Black hole eats star
Artist's conception of a Tidal Disruption Event (TDE) -- a star being shredded by the powerful gravity of a supermassive black hole. Material from the star spirals into a disk rotating around the black hole, and a jet of particles is ejectedSophia Dagnello, NRAO/AUI/NSF

Astronomers have managed to directly image, for the first time ever, a star being chomped down by a supermassive black hole. The dramatic image shows the star getting shredded while a huge explosion sends jets of particles outward, as it dies a horrible death.

Scientists from the National Science Foundation's Very Long Baseline Array (VLBA) tracked the entire event using radio and infrared telescopes, says a release by the National Radio Astronomy Observatory (NRAO). The event took place in a pair of colliding galaxies named Arp 299 and it is about 150 million light years away from Earth.

At the very centre of this colliding galaxy, there is a supermassive black hole, notes the release. It is about 20 million times larger than our Sun. The star that became prey to the black hole had a mass that was more than twice the Sun's.

"Never before have we been able to directly observe the formation and evolution of a jet from one of these events," said Miguel Perez-Torres, of the Astrophysical Institute of Andalusia in Granada, Spain. Called Tidal Disruption Events (TDE), they are rarely detected, but scientists hypothesise that they happen quite frequently.

Only a few weeks back, reports emerged of the fastest expanding black hole ever seen, eating several stars every week, but even then, the actual event of star eating was not directly captured through telescopes.

Black hole eats star
Artist's conception in pullout -- background is Hubble Space Telescope image of Arp 299, a pair of colliding galaxiesSophia Dagnello, NRAO/AUI/NSF; NASA, STScI

Researchers suggest that the mass sucked out from the doomed stars settle into a disk, rotating around the black hole.

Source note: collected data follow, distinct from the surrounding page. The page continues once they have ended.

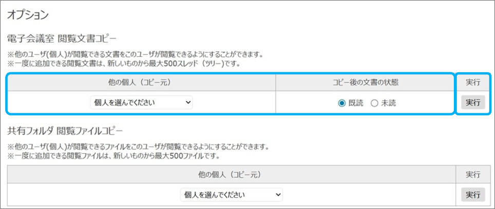 ④「他の個人(コピー元)」と「コピー後の文書の状態」を選択し、「実行」をクリック
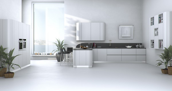 In the same line of modern and minimalist kitchens that suspended furniture proposes, we find this trend that hides the handles of drawers and cabinets, as we propose in model C1 of the Curve collection.
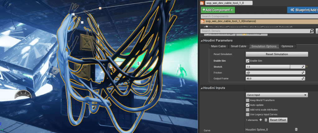 Use of vellum and timeshift to simulate cables in Unreal Engine w/ Houdini Engine.
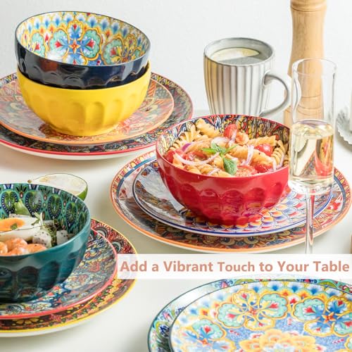 Specification: Cereal Bowls Set of 6, Bohemian Soup Bowls, 30 oz Colorful Ceramic Serving Bowls for Kitchen, Breakfast, Boho Decorative Bowl, Microwave Oven Safe Bowl for Salad, Pasta, Oatmeal
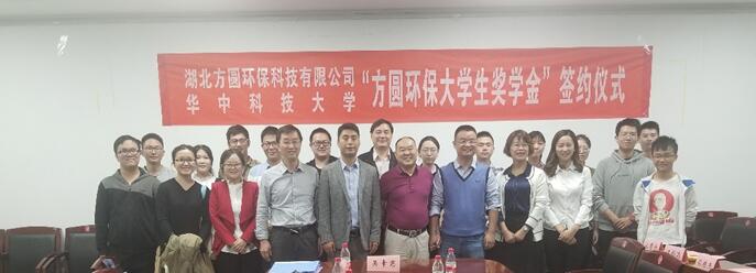 2018年10月12日,“方圆环保大学生奖学金”签约仪式在yl23411永利集团举行,湖北方圆环保科技有限公司总经理秦家宝先生、总经理助理王筱灵女士和我校教育发展基金委管理处、教育发展基金会副处长马国斌老师,yl23411永利集团副院长成晓北老师,党委副书记冯晓东老师出席了本次签约仪式,参加本次签约仪式的还有湖北方圆环保科技有限公司的工作人员以及华中科技大学能源学院核工系的老师和学生代表。
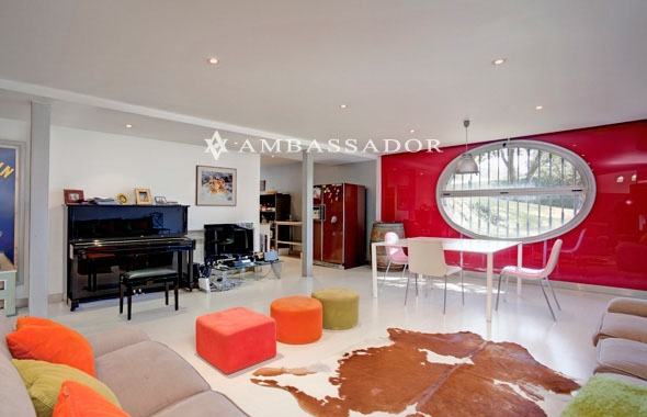 La planta baja de la vivienda cuenta con este fantástico salón multiusos con cocina completa, gran baño y salida al jardín. En esta planta encontramos también el dormitorio de servicio con baño en suite, y los cuartos de calderas y depuradora. |
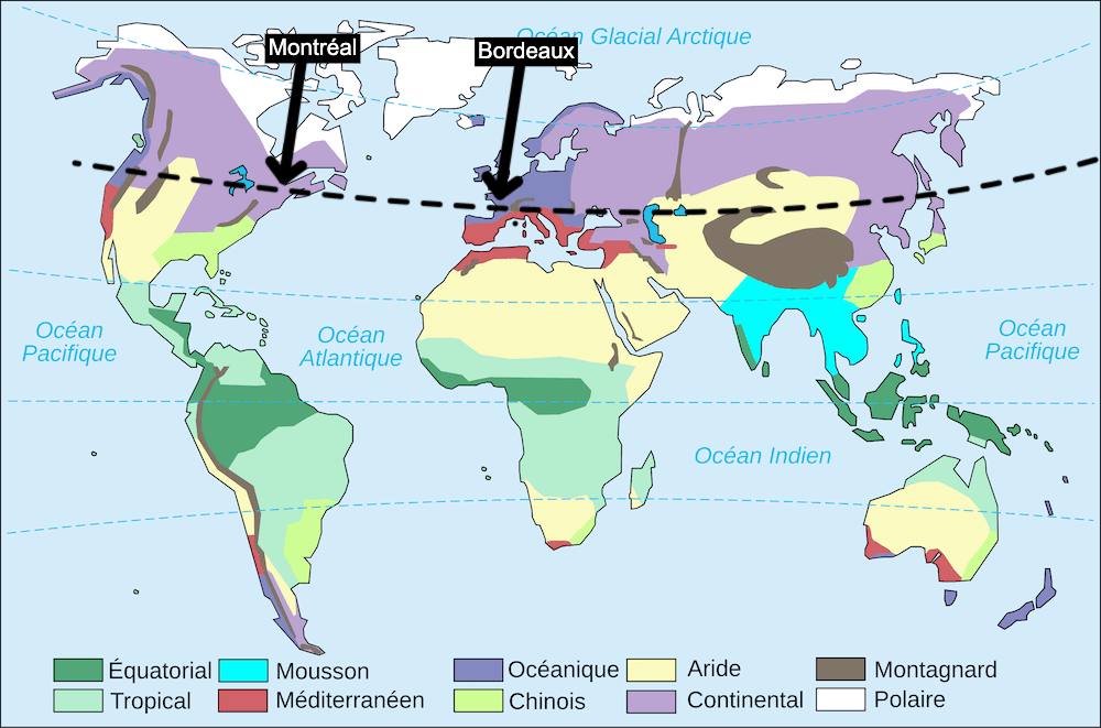 Ainsi, c'est pour cela que les chutes de neige peuvent se produire dès le mois de novembre du côté de Montréal alors que celles-ci ne sont quasiment pas envisageables en cette période du côté de Bordeaux.
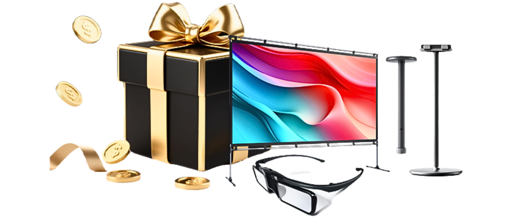 3D Glasses × 2 OR Ceiling Mount/ Floor Stand OR 100'' Portable Screen

This also led to it emitting intense radiation- including X-rays and visible light, while at the same time ejecting massive jets of material outward at nearly the speed of light from the poles of the newly formed disk, explains the release.

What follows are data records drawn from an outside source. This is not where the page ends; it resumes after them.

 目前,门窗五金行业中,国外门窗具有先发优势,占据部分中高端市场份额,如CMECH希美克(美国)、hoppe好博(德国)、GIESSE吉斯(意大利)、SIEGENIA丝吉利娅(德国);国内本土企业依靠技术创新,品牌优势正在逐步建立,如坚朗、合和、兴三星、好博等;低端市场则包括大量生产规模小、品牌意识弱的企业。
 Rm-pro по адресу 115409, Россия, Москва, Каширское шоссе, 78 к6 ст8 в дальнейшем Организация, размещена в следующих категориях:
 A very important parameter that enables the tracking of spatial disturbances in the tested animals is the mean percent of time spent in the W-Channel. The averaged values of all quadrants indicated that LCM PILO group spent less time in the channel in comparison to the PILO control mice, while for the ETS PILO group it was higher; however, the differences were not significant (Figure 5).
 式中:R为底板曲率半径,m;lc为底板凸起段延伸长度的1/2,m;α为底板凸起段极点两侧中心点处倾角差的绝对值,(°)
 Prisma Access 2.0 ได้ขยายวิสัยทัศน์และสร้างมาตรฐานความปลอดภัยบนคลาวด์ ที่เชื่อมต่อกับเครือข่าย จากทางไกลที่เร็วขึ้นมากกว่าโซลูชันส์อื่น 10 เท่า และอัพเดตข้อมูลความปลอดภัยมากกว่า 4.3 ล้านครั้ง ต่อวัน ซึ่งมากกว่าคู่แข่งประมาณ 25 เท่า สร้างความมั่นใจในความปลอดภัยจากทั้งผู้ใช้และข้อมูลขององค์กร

Astronomers have been tracking this event since January 2005 using the William Herschel Telescope in the Canary Islands where they first noticed a bright burst of infrared (IR) emissions coming from within the Arp 299. By July that same year, the VLBA team recorded a new and distinct stream of radio emissions coming from the same region.

Most galaxies have supermassive black holes, notes the report. Even the Milky Way has one in the centre. These black holes are spots in the universe where mass is concentrated so much so that its gravitational pull is too strong for anything to escape it, including light. Black holes that are deemed supermassive has a tendency to continuously draw matter toward itself and material that gets pulled toward it ends up forming a disc around the black hole itself. At the same time, superfast jets of particles are also launched outward, explains the report.

"Much of the time, however, supermassive black holes are not actively devouring anything, so they are in a quiet state," Perez-Torres explained. "Tidal disruption events can provide us with a unique opportunity to advance our understanding of the formation and evolution of jets in the vicinities of these powerful objects," he added.

Mattila and Perez-Torres led a team of 36 scientists from 26 institutions around the world in the observations of Arp 299. Their findings will be posted in journal Science.